There are some cons to all these pros. One of the pillars of recent European data protection laws, in addition to portability and transparency (perhaps guaranteed with the blockchain), is the “right to delete” our associated data. If a blockchain provides something it is the immutability of transaction chains. It is literally impossible to delete a purchase or sale if somebody asks as this may clash with the European laws on data protection. We know that blockchain systems are not as decentralised as they are thought to be but that they are heavily weighted towards operators. In the case of some cryptocurrencies the action of these giants can alter the assessment. Something similar could happen with the value of artwork. A final criticism is the relationship between blockchain systems and energy consumption, explored by artist Joana Moll in works such as Google CO2, and researched by different scientists highlighting the environmental unsustainability of a blockchain-based economy.
Do we buy a Picasso from a patron, a meme from Rare Pepe, or do we sell our latest rendering to CreativeChain? Or do we continue trying to sell works to traditional galleries?
McDonald-Korth, D.; Lehdonvirta, V.; Meyer E.T. (2018).
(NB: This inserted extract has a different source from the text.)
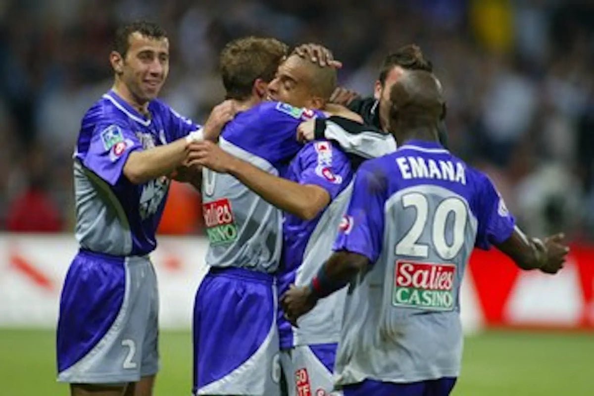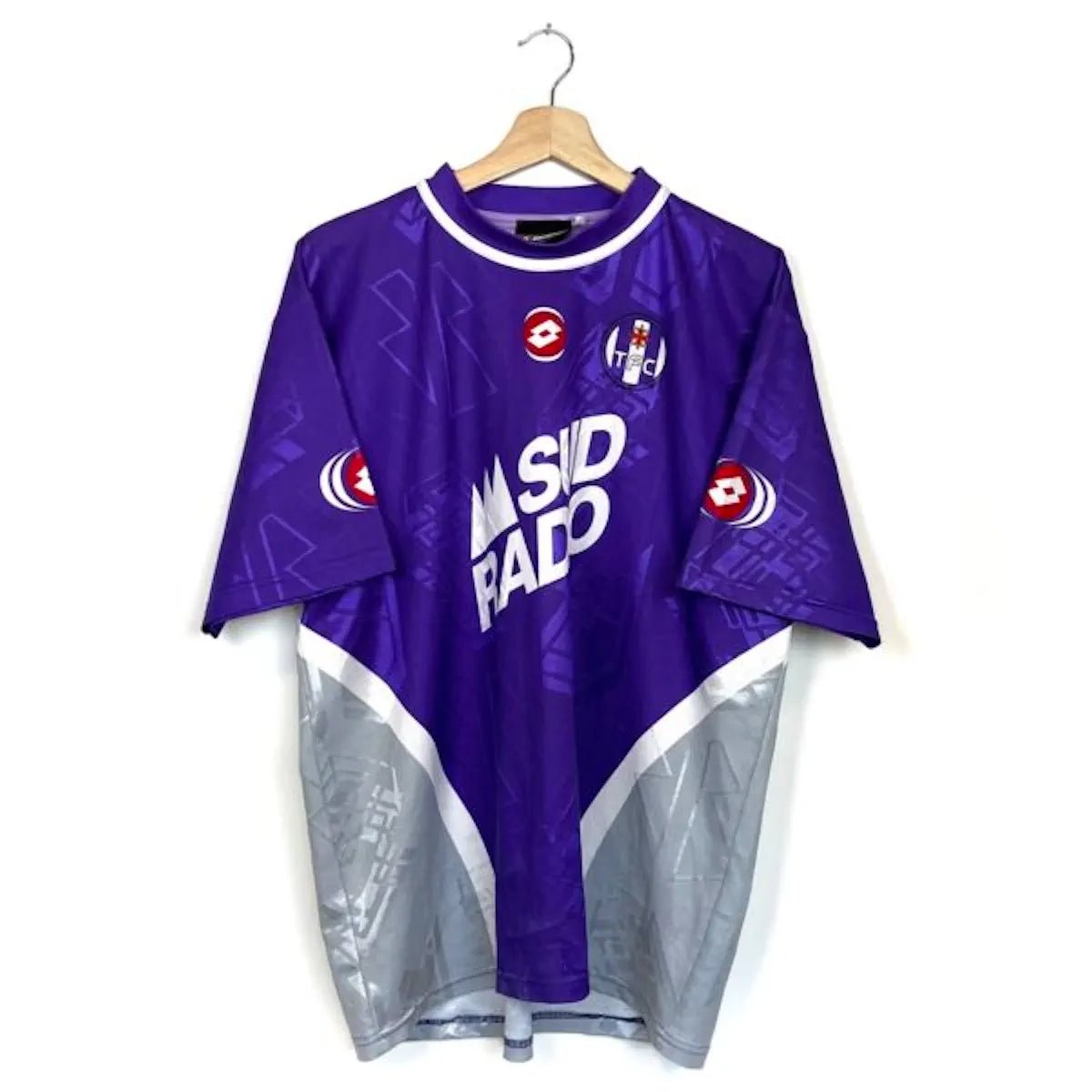 Note IFS : 7/10 - Bon état général, beaucoup de bouloches et 2-3 petits trous sont à noter sur ce rare maillot de Toulouse. L'écusson et les logos Lotto sont incrustés dans le textile.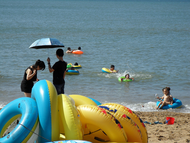 (我个人建议这时来海边玩水正是好时候,但这里的水很深一定要带泳圈,我们带了一个大圈一个小圈,小圈基本用不上,后来又租了一个大圈20元呢)

Art Market 2.0. Blockchain and the Financialization in Visual Arts. Oxford Internet Institute and Alan Turing Institute. http://ow.ly/YXFy30mMoNe.
Art+Tech Summit. Exploring the Blockchain. Londres. July 2018. http://ow.ly/SXyQ30mMoPk.
Moll, Joana. GoogleCO2. http://www.janavirgin.com/CO2/.
Mora, Camilo; Rollins, Randi L.; Taladay, Katie; Kantar, Michael B.; Chock, Mason K.; Shimada, Mio; i Franklin, Erik C. “Bitcoin emissions alone could push global warming above 2°C”. Nature Climate Change, vol. 8, p. 931–933 (2018).